The key victories that make him a legitimate if uninspiring number four were also fascinating, none more so than his single round dispatch of the world’s #2 contender, Peter Quillin. Jacobs, perfectly capable of engaging in and winning a technical fight, as he proved in 2018 in edging out Sergiy Derevyanchenko over twelve, chose against Quillin a shoot-out. Chasing Quillin back to the ropes with a sound jab he then forced the referee’s hands (arguably a little prematurely) with a mix of looping and compact right-hands.
These two contrasting victories and these two losses describe for us Daniel’s strengths and limitations. They make him difficult to rank below the likes of Geale and Cotto, and impossible to rank above any of the members of the undisputed middleweight top three of the 2010s.
03 – Sergio Martinez
Peak Ranking: Ch. Record for the Decade: 7-1 Ranked For: 50% of the Decade
Sergio Martinez moved up from 154lbs just in time for the beginning of the decade. Eight contests comprised the remainder of his career, but Martinez did some damage.

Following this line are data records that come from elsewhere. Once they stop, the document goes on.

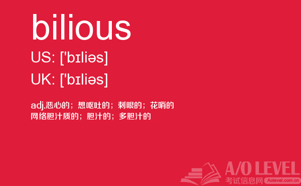 目前,a/olevel逐渐为人所熟知,很多学生都会主动了解alevel考试流程。同时也会抱怨a-level英语题比较难,任务重。那现在我们就放松一下,跟着a/o-level考试网小编来看看a-level考试中要积累的单词bilious,认真的学习积累。如果您想了解新加坡国alevel,alevel课程设置,国际学校alevel宣传片,中国有a水准培训班吗等关于a-level考试的相关资讯,请继续浏览并关注课窝a/o-level考试网。
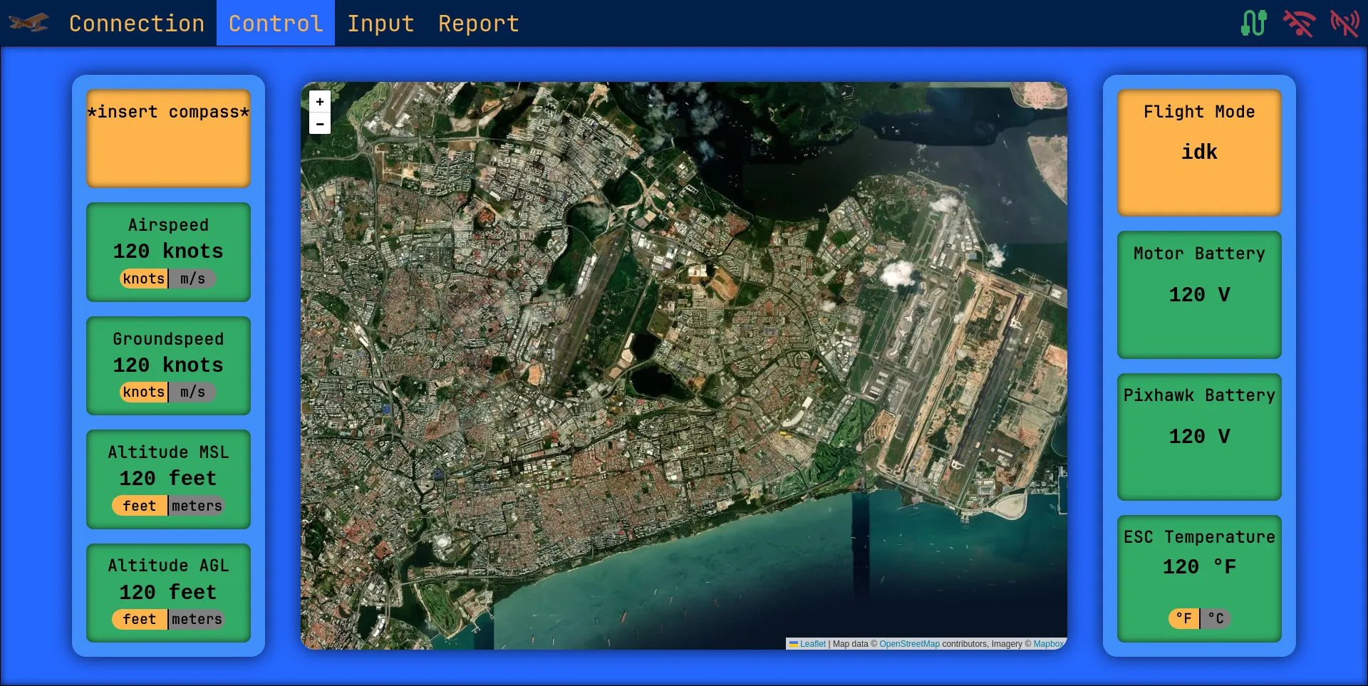 On the software for the ground control station (GCS), we have been hard at work with a redesign of our frontend web application. The web application is a crucial part of our system since it is the medium which a human operator interfaces with our system. One can monitor the status of the mission, position of the plane, vital sensor readings, incoming images from the camera, and much more. This year, the software team has chosen to implement the GCS frontend using the React framework. So far, the team has produced several pages to monitor and control parts of the mission. The pages have been designed to be easy to use while responsive to various screen sizes and visually appealing at the same time. On the backend of the GCS, we have been implementing a new feature to allow us to save flight logs to persistent storage even after the mission has ended. Future work on the GCS includes finishing the connections between the backend to the frontend and on-board computer.
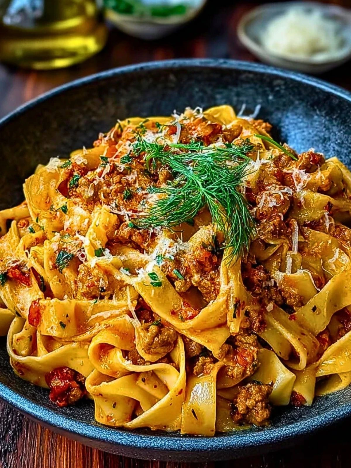 This creamy Calabrian chili pappardelle is a fiery yet cozy bowl of comfort that brings a touch of Southern Italy to your dinner table. The wide ribbons of pappardelle soak up a silky, spicy cream sauce that clings to every fold, while Italian sausage and fennel round it out with savory depth and subtle sweetness.
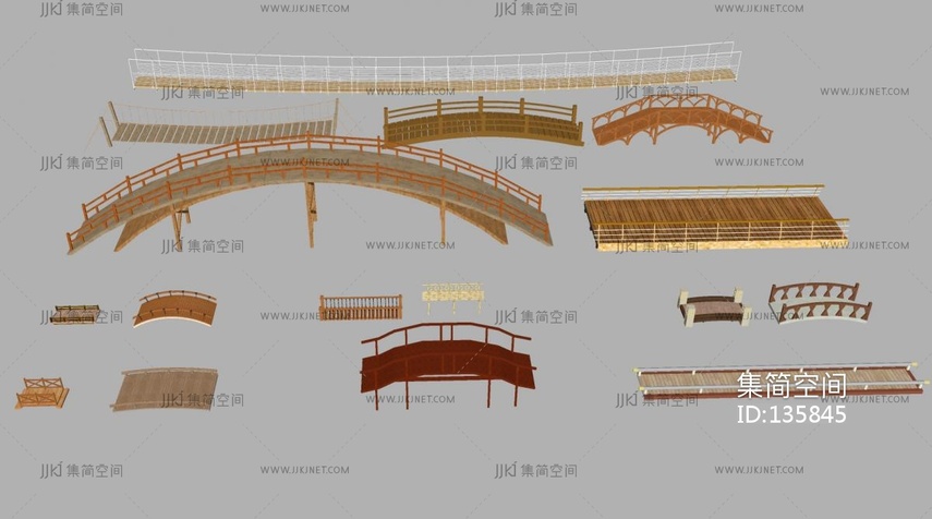 木桥 吊桥 拱桥,木吊桥su模型 su草图模型下载 [模型ID:135845]
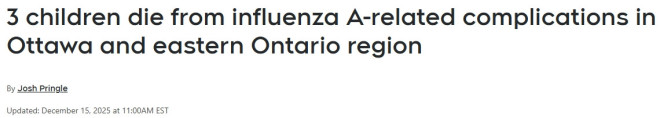 渥太华公共卫生局(Ottawa Public Health)周一上午发布声明称,在12月前两周,渥太华及东安省卫生局(Eastern Ontario Health Unit)辖区内,已有3名年龄在5至9岁之间的儿童因甲型流感并发症死亡。
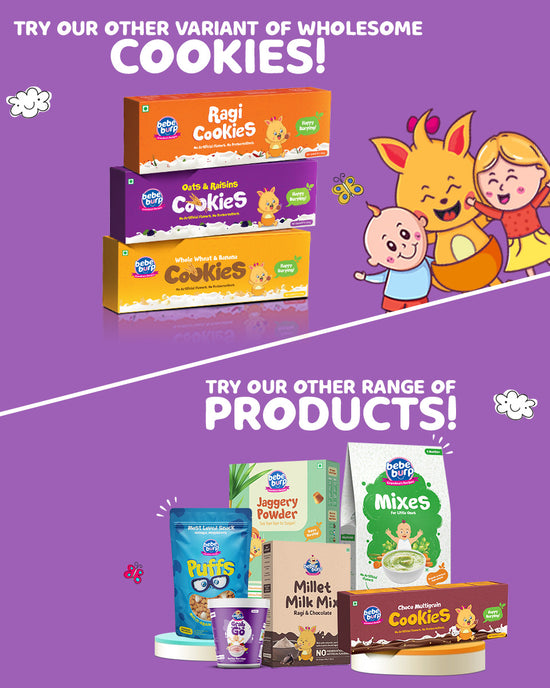 🌾Made with a blend of whole grains like wheat, oats, and millet, our cookies offer a variety of nutrients for overall health and well-being.

His definitive decadal performance was his title winning effort against Kelly Pavlik. Martinez won the first four rounds with his low-handed, circling style, prioritizing movement, hitting when the opportunity presented itself and forcing Pavlik to reset over and again. Pavlik dominated the middle rounds with faster pressure, accepting that he would be hit but allowing it in order to deliver his own offense. The final adaption was Sergio’s, and it was impressive. Instead of running, he elongated his visits to the pocket, shoe-shining a bit but throwing four and five punches where he had previously thrown one or two. He thrashed Pavlik in the final third, reducing him to a mask of gore, a desperate two-step flinching misses. Re-watching that fight, I was impressed by Sergio’s marked superiority over a reigning middleweight champion of the world. It was not insignificant.

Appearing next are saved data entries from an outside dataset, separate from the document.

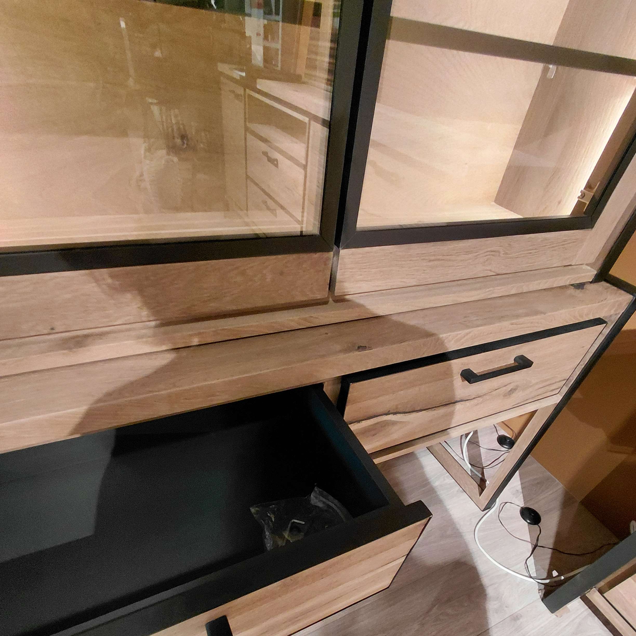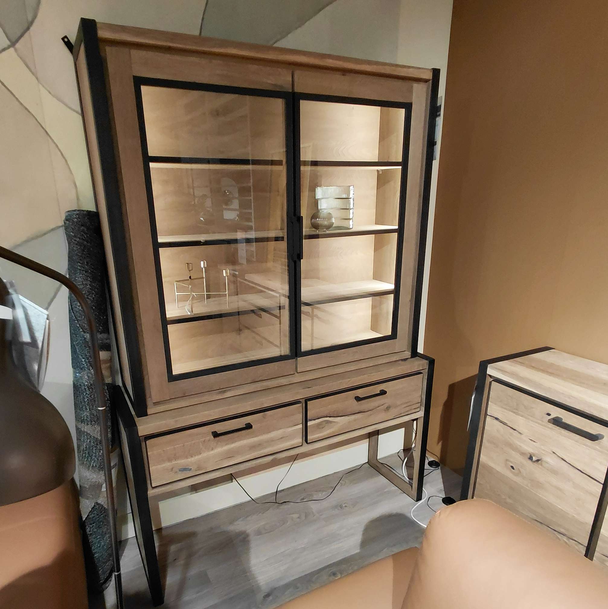 Deze buffetkast Metalo van Henders & Hazel heeft een rustieke uitstraling. De buffetkast is afgewerkt met eikenfineer. Het eikenfineer is vrijwel niet van massief hout te onderscheiden en afgwerkt in de kleur railway brown. Stoer zijn de metalen accenten in de kleur desert black. De buffetkast heeft 2 glasdeuren, 1 deur en 2 laden. De ledverlichting achter de glasdeuren zet fraai servies of woondecoraties in de spotlight.
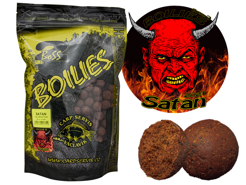 Larger 25 mm diameter variant for selective fishing of bigger fish. Satan boilies are a unique combo of enzymatic ingredients, natural spices, chilli, and green herbs. This "hellish" mix works year-round, including cold water.
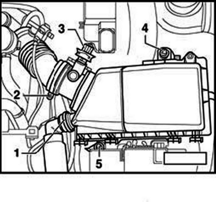 - Remove bolts -4- and -5-, and remove air cleaner housing.
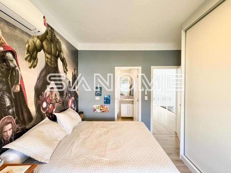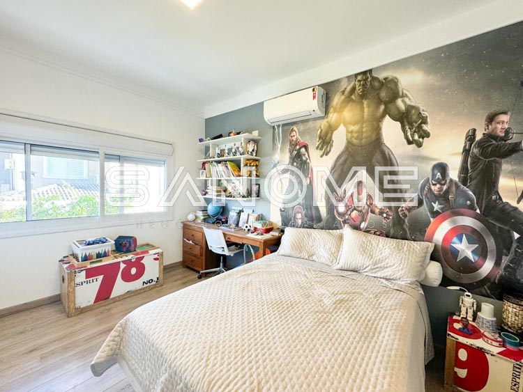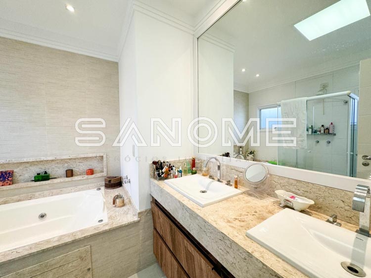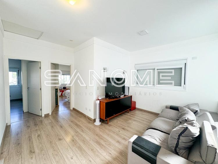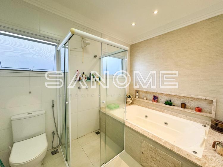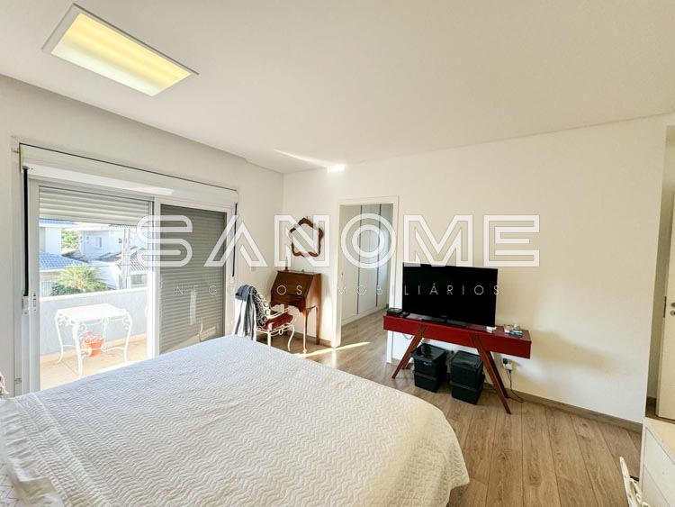 Piso superior: Sala de TV + 3 suítes completas (master com closet e hidromassagem).

Martinez did not rest on his laurels as a champion. He visited the top five on two further occasions, his terrifying knockout of Paul Williams perhaps the definitive stoppage win of the whole decade, middleweight or otherwise; his twelve-round domination of Julio Cesar Chavez Jnr. was almost as impressive in its own way but also signaled the beginning of the end. Martinez broke his left hand in the fourth and damaged his knee during a shocking visit to the canvas in the twelfth. Sergio had tipped over into the realms of the veteran.
He did a fine job on a duo of British contenders in Matthew Macklin and Martin Murray, but there was perhaps a feeling that he had come for a payday in his final fight against Miguel Cotto. Sure enough, his knees betrayed him, and he was pulled from the fight in the tenth round of a fight Cotto was dominating.
02 – Saul Alvarez
Peak Ranking: Ch. Record for the Decade: 24-1-1 Ranked For: 37% of the Decade
Squeaking in in front of Argentine Sergio Martinez is Mexican Saul Alvarez, who took the championship from the man who usurped Martinez, Miguel Cotto. Cotto was absolutely superb in defeat that night, boxing as he had against the menace of Shane Mosley some years earlier and actually pulling out the win on some cards, although the majority saw it for Alvarez. Personally, I was underwhelmed by Saul’s performance and expected a series of shallow defenses followed by his ceding the title to either Gennadiy Golovkin or the emerging Daniel Jacobs.
Instead, Alvarez got the embarrassing defense out of the way early via a smearing of Amir Khan then defeated both Golovkin and Jacobs in 2018 and 2019 respectively. What this means is that Alvarez has the scalps of three men from this list dangling from his waist, which is the gold standard at middleweight.
The devil, of course, is in the detail.
Alvarez first met Golovkin in September 2017, in a fight that was rendered a draw, most, but not all ringsiders seeing the fight for Golovkin, Boxing Scene and the Associated Press both seeing it a draw. Undeniably it was close, and because it was close, I honor it here. 115-113 Golovkin was my own card and that’s certainly nothing like enough to cry robbery. The drawn fight stands.
A rematch was staged almost a year to the day after the first fight and if anything, it was even more controversial. The jab appeared to have just slipped Golovkin over the line, but, once again, most observers scored it a very close fight. The majority of cards fell into the range 115-113 to 113-115; those with wider cards tended to be outliers. I was something of an outlier myself here in having the fight a draw (though I was not alone – Sports Illustrated, Ring Magazine, Forbes and the BBC were among the numerous drawn cards). Once more, then, for the purposes of this list, the win stands.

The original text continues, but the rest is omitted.